Lucía Guadamuro, Anja B. Dohrmann, Christoph C. Tebbe, Baltasar Mayo, Susana Delgado

Abstract

Isoflavones are polyphenols with estrogenic activity found mainly in soy and soy-derived products that need to be metabolised in the intestine by the gut bacteria to be fully active. There is little knowledge about isoflavone bioconversion and equol production in the human intestine.

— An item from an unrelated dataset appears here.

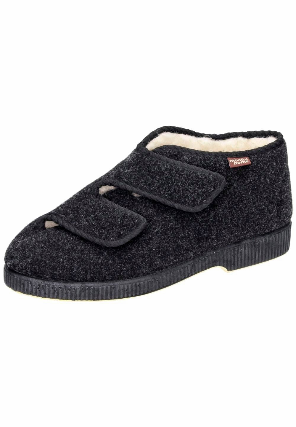 Angenehm warme und atmungsaktive Hausschuhe, mit denen Sie auch bequem auf der Strasse laufen können. Weit zu öffnen durch 2 Klettverschlüsse. PVC-Sohle, Innen: Schurwollfutter, Obermaterial: Wollfilz, Decksohle aus Wolle.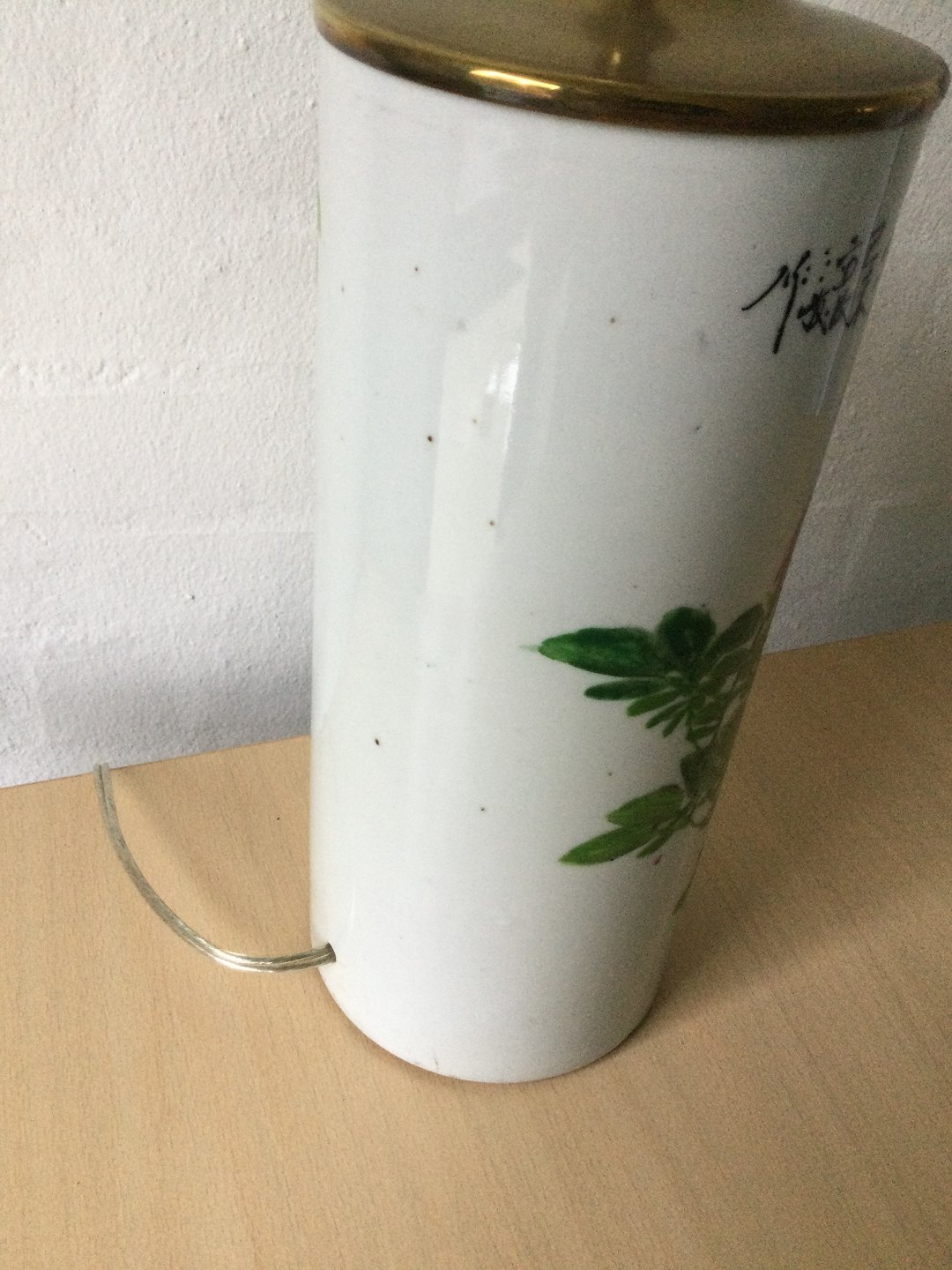 Polykromt dekoreret med blomster, fugle samt skriftstegn.

In this work, we developed an in vitro anaerobic culture model based on faecal slurries to assess the impact of isoflavone supplementation on the overall intestinal bacterial composition changes and associated metabolic transformations. In the faecal anaerobic batch cultures of this study bioconversion of isoflavones into equol was possible, suggesting the presence of viable equol-producing bacterial taxa within the faeces of menopausal women with an equol producer phenotype. The application of high-throughput DNA sequencing of 16S rRNA gene amplicons revealed the composition of the faecal cultures to be modified by the addition of isoflavones, with enrichment of some bacterial gut members associated with the metabolism of phenolics and/or equol production, such as Collinsella, Faecalibacterium and members of the Clostridium clusters IV and XIVa. In addition, the concentration of short-chain fatty acids (SCFAs) detected in the isoflavone-containing faecal cultures was higher in those inoculated with faecal slurries from equol-producing women. This study constitutes the first step in the development of a faecal culturing system with isoflavones that would further allow the selection and isolation of intestinal bacterial types able to metabolize these compounds and produce equol in vitro. Although limited by the low number of faecal cultures analysed and the inter-individual bacterial diversity, the in vitro results obtained in this work tend to indicate that soy isoflavones might provide an alternative energy source for the increase of equol-producing taxa and enhancement of SCFAs production. SCFAs and equol are both considered pivotal bacterial metabolites in the triggering of intestinal health-related beneficial effects.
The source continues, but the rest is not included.